WHAT IS EXPECTED: Your task is to write out the entire listing exactly, omitting its pictures.

DATA SHOWN:
Segment Open

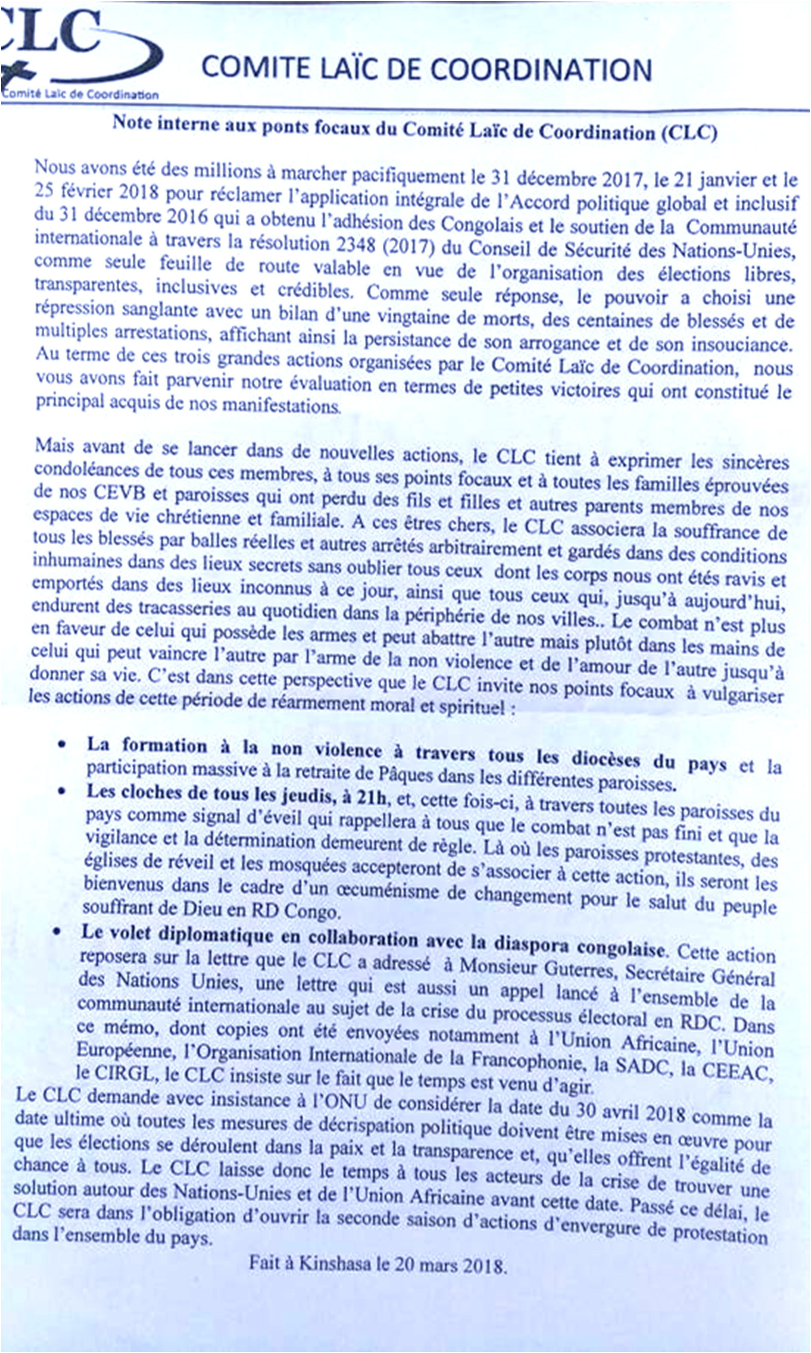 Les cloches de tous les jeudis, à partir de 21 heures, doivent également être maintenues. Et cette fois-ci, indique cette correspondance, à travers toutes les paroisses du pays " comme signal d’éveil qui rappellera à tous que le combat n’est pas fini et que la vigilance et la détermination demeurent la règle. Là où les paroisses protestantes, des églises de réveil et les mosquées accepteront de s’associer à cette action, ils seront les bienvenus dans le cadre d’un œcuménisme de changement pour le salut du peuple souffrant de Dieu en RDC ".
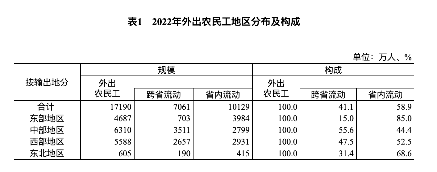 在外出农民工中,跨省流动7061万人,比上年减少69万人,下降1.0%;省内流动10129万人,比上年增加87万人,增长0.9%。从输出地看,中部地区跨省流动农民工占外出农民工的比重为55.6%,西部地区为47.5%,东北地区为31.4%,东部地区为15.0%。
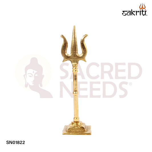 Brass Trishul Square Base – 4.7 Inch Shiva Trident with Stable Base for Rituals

Segment Closed

SOLVED EXERCISE:
 Les cloches de tous les jeudis, à partir de 21 heures, doivent également être maintenues. Et cette fois-ci, indique cette correspondance, à travers toutes les paroisses du pays " comme signal d’éveil qui rappellera à tous que le combat n’est pas fini et que la vigilance et la détermination demeurent la règle. Là où les paroisses protestantes, des églises de réveil et les mosquées accepteront de s’associer à cette action, ils seront les bienvenus dans le cadre d’un œcuménisme de changement pour le salut du peuple souffrant de Dieu en RDC ".
 在外出农民工中,跨省流动7061万人,比上年减少69万人,下降1.0%;省内流动10129万人,比上年增加87万人,增长0.9%。从输出地看,中部地区跨省流动农民工占外出农民工的比重为55.6%,西部地区为47.5%,东北地区为31.4%,东部地区为15.0%。
 Brass Trishul Square Base – 4.7 Inch Shiva Trident with Stable Base for Rituals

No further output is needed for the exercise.